* Overview of Performance Tuning
* Multi Processing or Multi Threading Concepts
* Getting started with `multiprocessing`
* Creating Pool object
* Run basic jobs in parallel
* Using functions in `multiprocessing`
* Invoke custom functions using `multiprocessing`
* Real World Example - File Format Conversion
* Exercise and Solution

In [None]:
# Getting started with `multiprocessing`
import multiprocessing as mp

In [None]:
# Creating Pool object
pool = mp.Pool(4)

In [None]:
# pool.map
# pool.imap
# pool.apply

In [None]:
# Run basic jobs in parallel
l = [(1, 2), (3, 4), (5, 6), (7, 8), (9, 10), (11, 12)]

In [None]:
[sum(item) for item in l]

In [None]:
help(pool.map)

In [None]:
with mp.Pool(4) as pool:
    sums = pool.map(sum, l)

In [None]:
sums

In [None]:
l = [1, 3, 2, 5, 4, 3, 2]

In [None]:
import time
for i in l:
    time.sleep(i)

In [None]:
sum(l)

In [None]:
with mp.Pool(4) as pool:
    pool.map(time.sleep, l)

In [None]:
# Using functions in `multiprocessing`
# Make sure to add this to my_square.py
# def square(i):
#     return i * i

In [None]:
from my_square import square

In [None]:
l

In [None]:
# Invoke custom functions using `multiprocessing`
with mp.Pool(4) as pool:
    squares = pool.map(square, l)

In [None]:
squares

In [None]:
# File format conversion using multiprocessing
import glob
import os

In [None]:
files = []
for path in glob.glob('data/retail_db/*'):
    if os.path.isdir(path):
        ds = os.path.split(path)[1]
        for file in glob.glob(f'{path}/*'):
            files.append((file, ds))

In [None]:
files

In [None]:
from fileformatconverter import convert_file_format

In [None]:
convert_file_format()

* Exercise: Convert NYSE data from CSV in `data/nyse_all/nyse_data` to JSON format using gzip compression.
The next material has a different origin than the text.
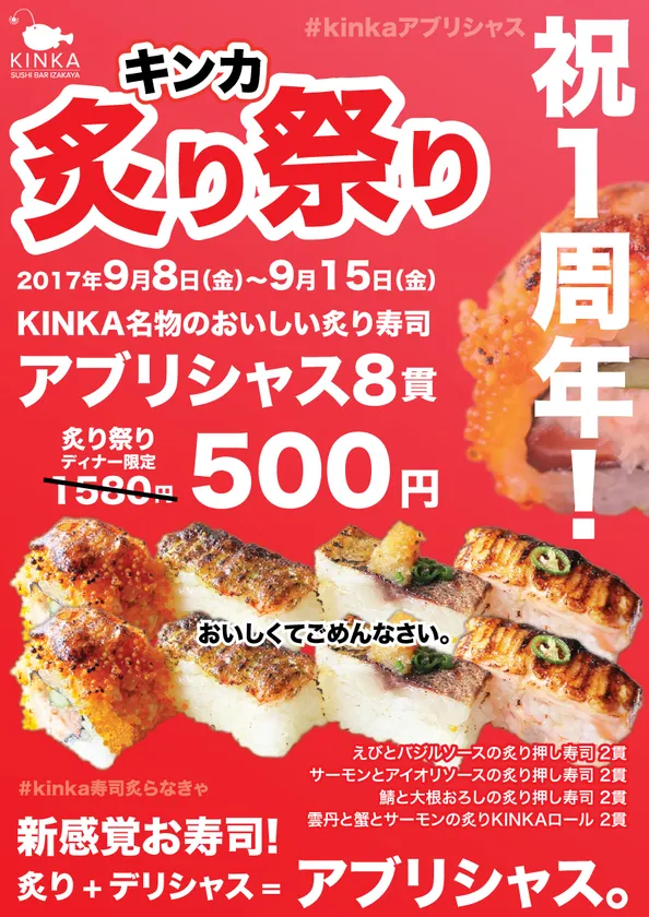 このたび、2017年9月15日に1周年を迎えるKINKAはお客様・業者様・関係者様・関わる全ての方への感謝の気持ちを込めて『炙り祭り』を開催します。

Make sure to run the file format conversion using `multiprocessing` with 4 threads.
  * Source folder: `data/nyse_all/nyse_data`
  * Target folder: `data/nyse_all/nyse_json`
  * File Format: `gzip` compressed json format.
  * Column Names: `['ticker', 'trade_date', 'open_price', 'low_price', 'high_price', 'close_price', 'volume']`
  * Make sure file names are generated using `part-uuid.json.gz` format (eg: `part-some-unique-id.json.gz`)
  * Run the file format converter using 4 threads. Make sure to review the execution time and compare.
  * Validate by using shape on both source and target locations using multiprocessing.